(Collected material begins)
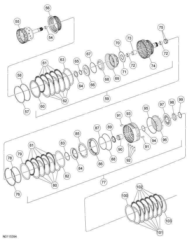 28. Install the low/reverse clutch plates, starting with the pressure plate and alternating between the friction and steel plates and ending with the wave spring plate on the top.
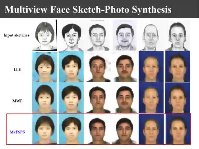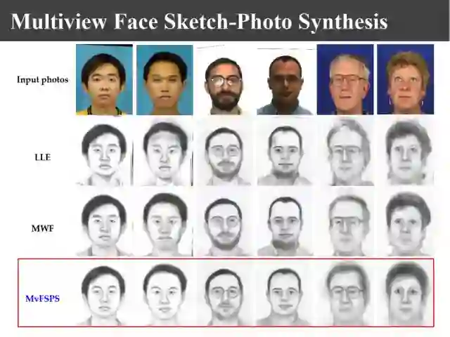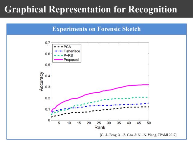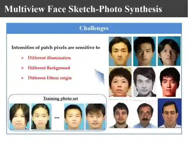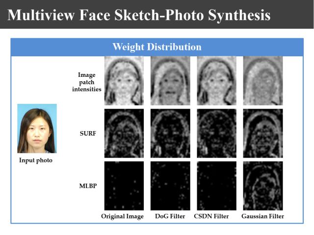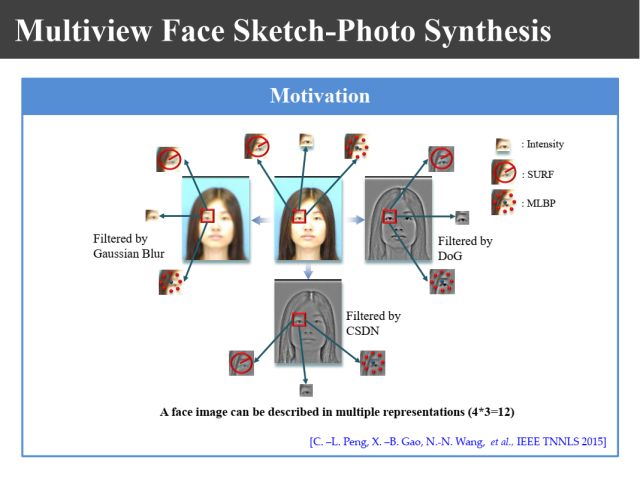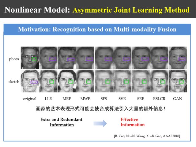 比如说上图中有些区域,比如说眼袋,不同合成方法合成出来的情况不一样,具有多样性。另外比如说眼镜,眼镜本来没有框,为了画像的效果画家往往会给眼镜画了一个框,合成出来结果有的有框有的没框。那么,如何利用这些额外信息提高模式识别的鲁棒性呢?这为我们的研究提供了新的线索。
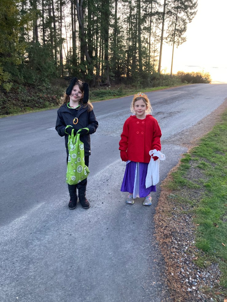 Pearl made her own costume and dressed as Winnie the Dog (as in our pet dog). Rose was Rapunzel. It’s Canada at the end of October so their costumes are obviously partially covered with coats. They had a blast trick-or-treating around our neighbourhood. I have mixed feelings about Halloween but every year I am amazed by how generous people are and the sense of community I feel taking my kids door to door.
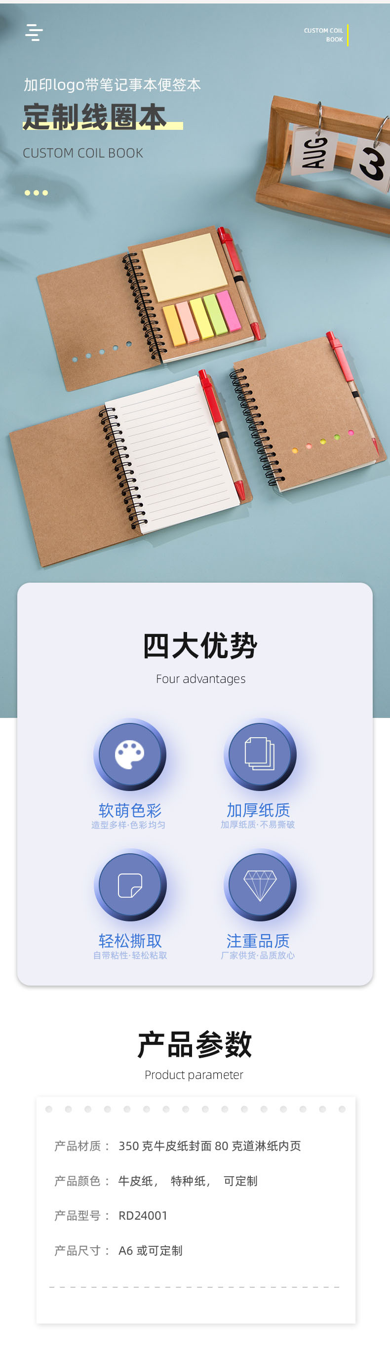 Оптовые блокноты с креплением, стикеры из крафт-бумаги, маленькие блокноты с возможностью нанесения логотипа
(Collected material ends)
About this task: An exact retyping of the material, minus the pictures, is the required answer.

Task output:
 28. Install the low/reverse clutch plates, starting with the pressure plate and alternating between the friction and steel plates and ending with the wave spring plate on the top.
 比如说上图中有些区域,比如说眼袋,不同合成方法合成出来的情况不一样,具有多样性。另外比如说眼镜,眼镜本来没有框,为了画像的效果画家往往会给眼镜画了一个框,合成出来结果有的有框有的没框。那么,如何利用这些额外信息提高模式识别的鲁棒性呢?这为我们的研究提供了新的线索。
 Pearl made her own costume and dressed as Winnie the Dog (as in our pet dog). Rose was Rapunzel. It’s Canada at the end of October so their costumes are obviously partially covered with coats. They had a blast trick-or-treating around our neighbourhood. I have mixed feelings about Halloween but every year I am amazed by how generous people are and the sense of community I feel taking my kids door to door.
 Оптовые блокноты с креплением, стикеры из крафт-бумаги, маленькие блокноты с возможностью нанесения логотипа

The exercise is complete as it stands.